▶ **What is expected**:
Go through the listing below and retype exactly the lines starting at the one with "2024年1月1日晚间,港交" and ending at the one with "The Mermaid Brilliance", skipping pictures.

▶ **Excerpted data**:
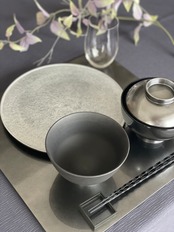 まるでいぶし銀のような独特の風合いは、和食にはもちろん、洗練された洋食のシーンにも驚くほど馴染み、料理の色彩を一層引き立てます。
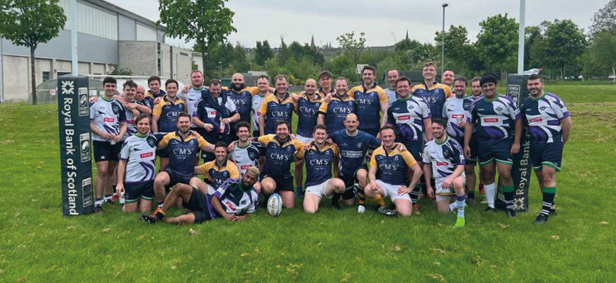 On a beautiful spring afternoon in May the Law Society of Scotland Rugby Football Club made its long awaited return to the field, following a Covid-enforced hiatus of almost four years, taking on the Scottish Parliament RFC who play regular games against other parliament sides from across Europe.
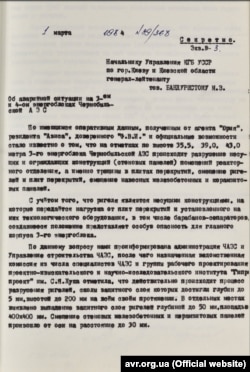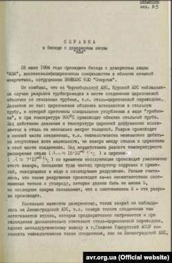 Начальник 6-го отдела УКГБ УССР в Киеве и Киевской области полковник Турко М.А. сообщил начальнику Припятского ГО УКГБ УССР в Киеве и Киевской области подполковнику Николаеву Ю.В. о получении информации о "недостаточной надежности реакторов РБМК-1000", которые применяются на ЧАЭС. "По мнению специалистов, в случае разрыва главного циркуляционного трубопровода в результате естественного старения металла, при отсутствии системы аварийного слива активной зоны и защитной оболочки вокруг реактора, произойдет утечка теплоносителя и, как следствие, значительное радиоактивное заражение местности. Причиной серьезной аварии может стать остановки подачи электроэнергии на системы управления работы реактора", – отмечает Турко.
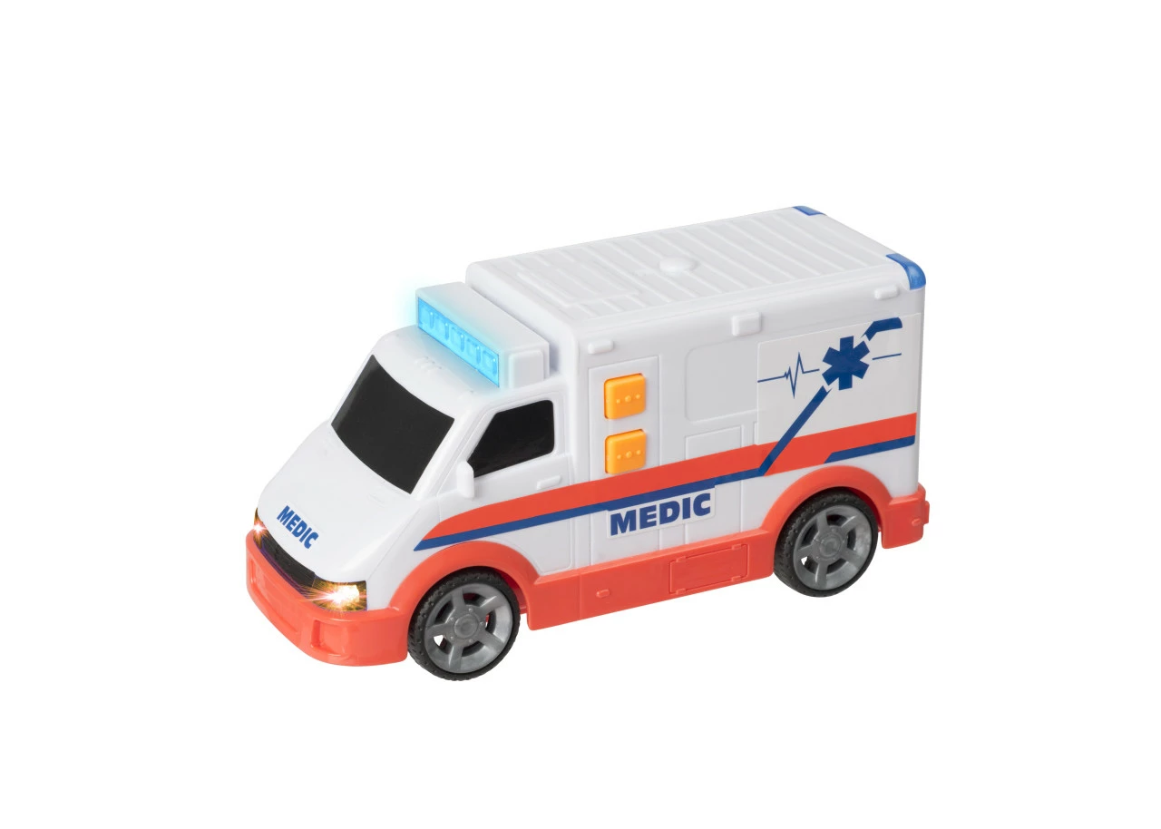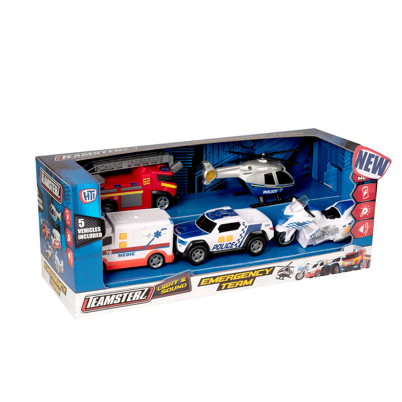 Race to the rescue of any make-believe emergency with the Teamsterz Light & Sound Emergency Team! There are 5 different free-wheeling vehicles within the set to encourage learning through play, including; a light & sound ambulance, police car and police motorbike as well as a non-light & sound fire engine and helicopter! The light & sound vehicles feature emergency blue flashing lights, siren sounds and realistic engine sounds. The helicopter features free-moving rotor blades and the fire engine’s ladder is fully extendable and rotates 360 degrees. The perfect gift for any enthusiastic driver, offering hours of imaginative fun! Aiding the development of your little one?s social skills, imagination and fine motor skills as the free-wheeling vehicles are the perfect size for push along play. Suitable for ages 3+.
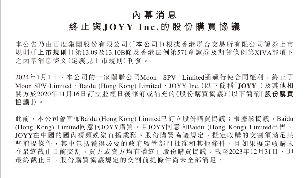 2024年1月1日晚间,港交所公告显示,百度关联方Moon按照此前签署的协议,终止对YY Live的股权收购协议。
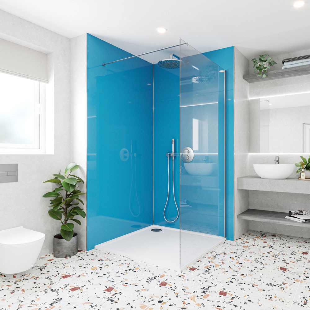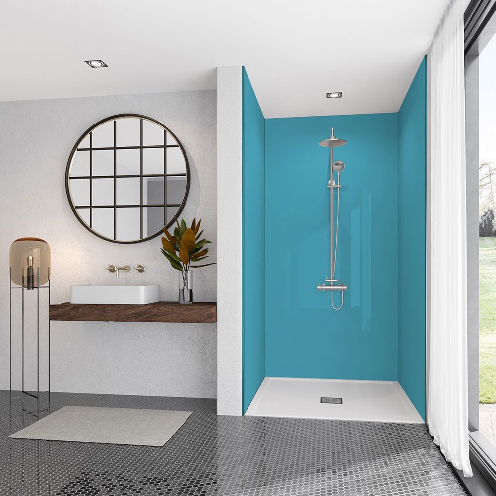 The Mermaid Brilliance Aqua Gloss Acrylic Shower Panel will bring a modern style and colour to your bathroom. This shower panel is ideal if you don't want traditional bathroom tiles and want to add a pop of colour.
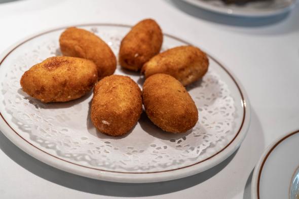 No podíamos empezar con otra cosa que no fuesen las croquetas de Marisa Sánchez, sabor a casa de mi abuela, una masa no tan láctea como la que encontramos en alguno de los restaurantes de alta cocina, pero con un sabor más intenso; en este caso son de jamón, pollo y huevo duro, una auténtica delicia. Sigo con un pimiento cristal caramelizado, patatas y huevo de corral a baja temperatura, finura en el producto para embelesar con esta simple dulzura. El plato fuerte llega con las pochas de temporada a la riojana con fritada de tomate y piparra, sin duda uno de los mejores platos de cuchara que he tomado este año, sólo por esta olla merece la pena el viaje. La parte salada la terminamos con un arroz seco de montaña con codornices y hongos, manteniendo el excepcional nivel de la comida.

▶ **Result of this exercise**:
 2024年1月1日晚间,港交所公告显示,百度关联方Moon按照此前签署的协议,终止对YY Live的股权收购协议。
 The Mermaid Brilliance Aqua Gloss Acrylic Shower Panel will bring a modern style and colour to your bathroom. This shower panel is ideal if you don't want traditional bathroom tiles and want to add a pop of colour.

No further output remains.